Su hostilidad se dirige especialmente en contra del negocio más mezquino del comercio al por menor (καπηλική) más que en contra de las amplias operaciones del mercader (ἔμπορος). Pero su oposición incluso a esto no carece totalmente de matices.
Hemos visto que Platón comprende claramente la necesidad del intercambio para la vida del Estado.216 Admite que incluso el comercio al por menor no es necesariamente un mal.217 La razón principal por la que parece serlo es porque ofrece una oportunidad libre a la codicia vulgar de ganancia ilimitada, la cual es innata en el hombre.218 Si los ciudadanos más nobles, que están regidos por intereses racionales, se convirtieran en comerciantes al por menor y en mesoneros, el negocio pronto sería tenido en honor.219
Plato, sin embargo, limitaría el intercambio a su función primaria tal como se ha definido más arriba.220
Al igual que Ruskin, cree que, siempre que se persigue meramente por el lucro privado, se convierte en una fuente de degeneración para el individuo y el Estado. Es entonces semejante a las ocupaciones fraudulentas o falsificadas (κιβδήλοις).221
Los minoristas en los Estados bien ordenados son generalmente los hombres más débiles, incapaces de emprender otro trabajo.222
Los gobernantes en la República deben mantenerse completamente libres de las trabas del comercio, no sea que se conviertan en lobos en vez de pastores,223 aunque Platón está lidiando aquí con un problema muy real que todavía nos enfrenta: cómo prevenir el soborno entre los funcionarios públicos.224
En las Leyes, el comercio al por menor está totalmente prohibido a los ciudadanos,225 y solo se permite a los metecos y extranjeros,226 y, ciertamente, tan solo a aquellos cuya corrupción cause el menor daño al Estado.227 A estos extranjeros no se les debe permitir amasar demasiada riqueza,228 y deben abandonar el Estado, tras veinte años de residencia, con todas sus pertenencias.229 El comercio al por menor, incluso en sus manos, debe limitarse estrictamente a las demandas del Estado,230 y confinarse al mercado en aras de la publicidad.231 Todo intercambio debe ser honesto, tratando con productos sin adulterar (ἀκίβδηλον).232 No habrá regateo en las ventas, sino que se fijará un único precio para los productos cada día.

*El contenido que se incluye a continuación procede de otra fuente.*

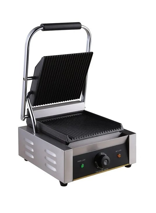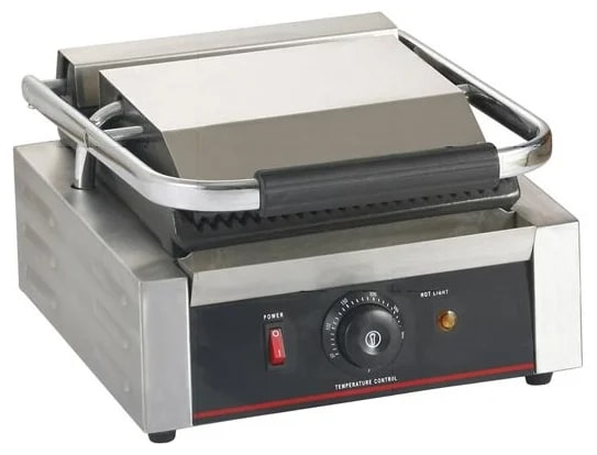 Пресс-гриль Gastrorag NPL-EGD10E – один из самых компактных и недорогих электрогрилей азиатского бренда GASTRORAG. Относится к оборудованию, предназначенному для профессиональных кухонь, приготовления уличного фаст-фуда. Может использоваться для обслуживания выездного банкета. Благодаря своим компактным размерам подходит для домашней эксплуатации. Агрегат состоит из одной рабочей зоны, которая имеет верхнюю и нижнюю рифленые плитки со встроенными нагревательными элементами. Корпус сделан из нержавеющей стали. Электрогриль экономичен, потребляет всего 1,8 кВт.

Si este no es aceptado, las mercancías deben retirarse de la venta hasta el día siguiente.233 De ser posible, los ejecutores de las leyes deben procurar fijar una lista justa de precios, que permita una ganancia moderada, y deben velar por que esta sea respetada por los comerciantes minoristas.234 Como culminación de todas estas precauciones, Platón quiere que los gobernantes se esfuercen en idear medios mediante los cuales los comerciantes no degeneren en una desvergüenza desenfrenada y mezquindad de alma.235 Bajo tales limitaciones, abriga la leve esperanza de que el comercio al por menor pueda verse liberado de su estigma, de modo que cause el menor daño a quienes lo ejercen y beneficie a todo el Estado.236
No hace falta señalar que esta actitud de Platón hacia el comercio y los negocios es ajena al espíritu del progreso económico, y que ninguna civilización avanzada podría desarrollarse sobre tal base. Su profusa legislación, asimismo, tal como se ha delineado más arriba, resulta ingenua y visionaria para un espíritu moderno.237
Ningún hombre, sin embargo, es más consciente de esto que el propio Platón. Debe ser juzgado, no con un espíritu de rígido literalismo, sino con una crítica comprensiva que intente entender las razones psicológicas de su actitud. Sus sugerencias no se ofrecen como un plan propuesto para una legislación real,238 sino más bien con el espíritu del moralista quien, al observar que males casi inevitables acompañan al comercio al por menor y al comercialismo, tal como es la naturaleza humana, y que el comercio, el sirviente del hombre, se ha convertido en su amo, ve casi la única esperanza de salvación en su limitación a lo estrictamente necesario.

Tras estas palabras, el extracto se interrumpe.